Keep an eye out for successful web requests.
This project is a work-in-progress (WIP), but it is close enough to working that it is now worth sharing.
This project is a partial improvement for system administrators and pairs well with several of my other projects such as LogReview and FirewallBlockGen.
WebServiceWatcher is still a work-in-progress so bear with these instructions. Contributions are welcome.
Clone the repository.
git clone https://github.com/TechnologyClassroom/webserverwatcher
Change to the directory.
cd webserverwatcher
Copy the configuration file.
cp config/webserverwatcher.ini.default config/webserverwatcher.ini
Edit the configuration file to at least point to your web server log file.
Run the program as root. Note: This script is not long. Read the thing before you run it in production. (I am leaving this note until the software becomes more polished and battle-tested.)
sudo python3 webserverwatcher.py
Concept: A reasonably popular, public-facing web server should have a constant stream of traffic due to the high volume of bots on the modern web. Of all of the automated traffic, some bots should be programmed well enough to make successful web requests several times a second. If your server is reasonably popular and not returning 2xx codes after a period of a few seconds, I propose that something is wrong.

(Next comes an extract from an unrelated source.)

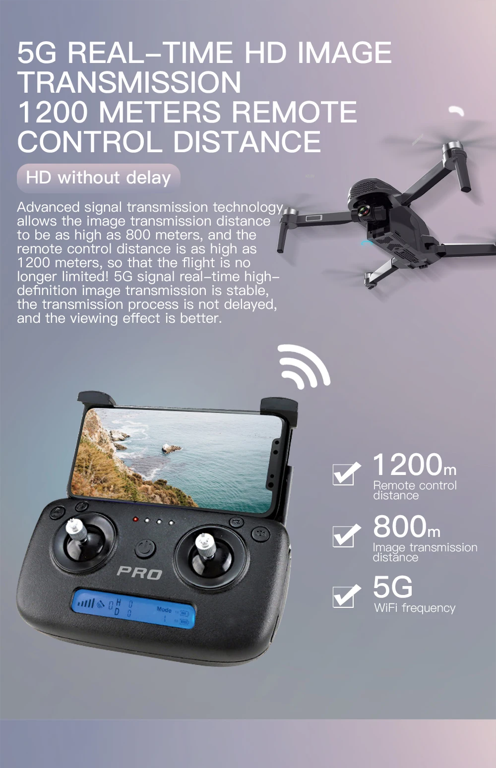 5G Wi-Fi и передача в реальном времени-Передовая технология передачи сигнала позволяет передавать изображение на расстоянии до 800 метров, И расстояние дистанционного управления составляет 1200 метров, так что полет больше не ограничен! 5G стабильная передача изображения в режиме реального времени. Процесс передачи не задерживается, и эффект просмотра лучше.
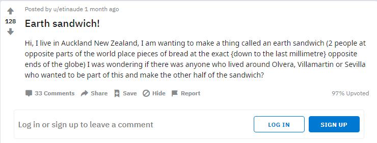 The first "Earth sandwich" is credited to the American artist Ze Frank, who organised two slices of baguette to be placed in New Zealand and Spain in 2006.

There are methods that handle this problem already, but I have not seen any that handle this problem as fast as this script does. Make an issue if you have a faster method.
When a web server like apache2 crashes, the systemd service can start it back up again. The SystemD method is slower than the WebServiceWatcher method because there is a period of time where the web server service is still alive and failing to return successful requests. The SystemD method usually takes minutes.

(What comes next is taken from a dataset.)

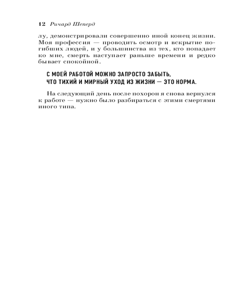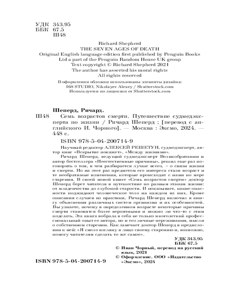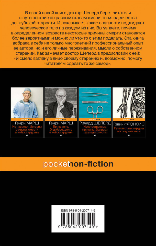 💳 Оплатить за товар можно при получении 🇰🇿 Есть бесплатная доставка по Казахстану от 1 дня 🎁 Копите бонусы с каждой покупки Серия: Pocket book (обложка). Non-fiction Научный редактор Алексей Решутин, судмедэксперт, автор книг Вскрытие покажет, Между жизнями Ричард Шеперд, ведущий судмедэксперт Великобритании и автор бестселлера «Неестественные причины», решил еще раз поговорить о том, в чем разбирается лучше всего, — о связи жизни и смерти. Но на этот раз предметом его интереса стали возраст и те необратимые изменения, которые происходят с нами по мере старения. В своей новой книге «Семь возрастов смерти» доктор Шеперд берет читателя в путешествие по разным этапам жизни: от младенчества до глубокой старости. И показывает, какие опасности поджидают человеческое тело на каждом из них. Кроме описания случаев из практики, Ричард Шеперд включил в книгу объяснения различных систем организма и их особенностей. Вы узнаете, почему в определенном возрасте некоторые причины смерти становятся более вероятными и можно ли что-то с этим поделать. Эта книга вобрала в себя не только многолетний профессиональный опыт ее автора, но и его личные переживания, мысли о собственном старении. Как замечает доктор Шеперд в предисловии к ней: «Я смело взгляну в лицо своему старению и, возможно, помогу читателям сделать то же самое». |

A recurring service can make the equivalence of curl requests to the server
to check on the health of the service. If the requests fail, a restart command
can be sent after a given period of time.
The uptime check method is slower than the WebServiceWatcher method because even when making requests from the localhost, you have to wait for timeouts and build a pattern over time. The uptime check method usually takes minutes.
If a sysadmin knows that something is wrong with a server, they can continually
kick it back to life with a hacky bash loop in a tmux session like this:
while true; do systemctl restart apache2; sleep 40; date; done
This hacky method technically will keep the server somewhat alive until a proper solution can be found. The downside to this is that there will be some downtime at least while the service restarts even if the problem has gone away.
The WebServiceWatcher method is more responsive because the load might externally rise or drop and a manually set time span does not account for what is actually happening on the server.
GPL-3.0-or-later